I need you to listen to me right now. Listen
first, then see. Now you give a drug that
is going to cause immediate vasodilation and
why would you want to do this in a patient?
Well your patient has something like stable
angina, and what is stable angina? What do
you know about the atherosclerotic plaque?
Rather minimal and the pain occurred when?
During exertion. Now you tell me,
when you exercise from physiology, what kind
of factors then have on your blood vessels
when you have exercise? Obviously when you
exercise, all of your muscles require greater
amounts of oxygen. So just by sheer common
sense, what then happens to your blood vessels?
They are going to dilate. They have to. Why in the world
would you want your blood vessels to constrict
when your exercising? That wouldn't mean that
you are supplying more oxygen. Is that clear?
"But Dr. Raj, I thought exercise meant sympathetic?"

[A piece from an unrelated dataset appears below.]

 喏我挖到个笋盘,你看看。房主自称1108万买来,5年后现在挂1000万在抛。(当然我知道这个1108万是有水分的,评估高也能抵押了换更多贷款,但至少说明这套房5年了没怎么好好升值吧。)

Of course it does. I'm not saying that it doesn't. But
when you exercise, you … that it cannot
be strictly sympathetic activity on your blood
vessels because that would cause vasoconstriction
and it would defeat the purpose of supplying
oxygen to a skeletal muscle or your heart muscle.
05:47
So then you have certain metabolites. What
are those metabolites called? ATP stand for
adenosine triphosphate. What kind of effect does adenosine
have on your blood vessels? Vasodilate. What
about lactic acid? Vasodilate. What about
carbon dioxide? Where is carbon dioxide coming
from? What happens to amount of carbon dioxide
production with exercise? Increase, doesn't
it? Of course it does. You have more glycolysis,
more TCA cycle from biochemistry, releasing
more carbon dioxide. All those are vasodilatory
metabolites on your blood vessels. Is that
clear? So my point is this when you induce
stress, let us say that it is going to be
physical stress with the patient with stable
angina, you are trying to then create an area
where you have increased coronary artery dilation,
so that that area where it's undergoing your
occlusion feels the pain. Are you feeling
the pain right now? I hope not. If not, go
to the doctor right now, but point is this.

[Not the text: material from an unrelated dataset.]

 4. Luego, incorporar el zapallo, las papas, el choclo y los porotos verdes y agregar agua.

If the patient is feeling pain doing exercise,
then you know you can find ST depression and such. You
know your patient has stable angina. Can
you mimic this medically? Of course again
exactly what we just did. Instead of exercise,
why not replace it with a vasodilator such
as adenosine or its analog that exactly what
you want to do. And when you do so, you cause your
coronary artery to then dilate, it will then
steal the blood from the area where it is
stenosed, to your coronary artery, which is
now open and what is your patient is going
to feel? Pain. Clear? Now other drugs that you might
want to use including dobutamine as well in
which it's a chemical stress test. But understand
the concept of coronary steal syndrome please.
Here you will find your two different types
of myocardial infarction. You will find your subendocardium,
which will be arteriolar type of MI versus
transmural. What kind of coronary artery or
arteriole? It will be a coronary artery, transmural.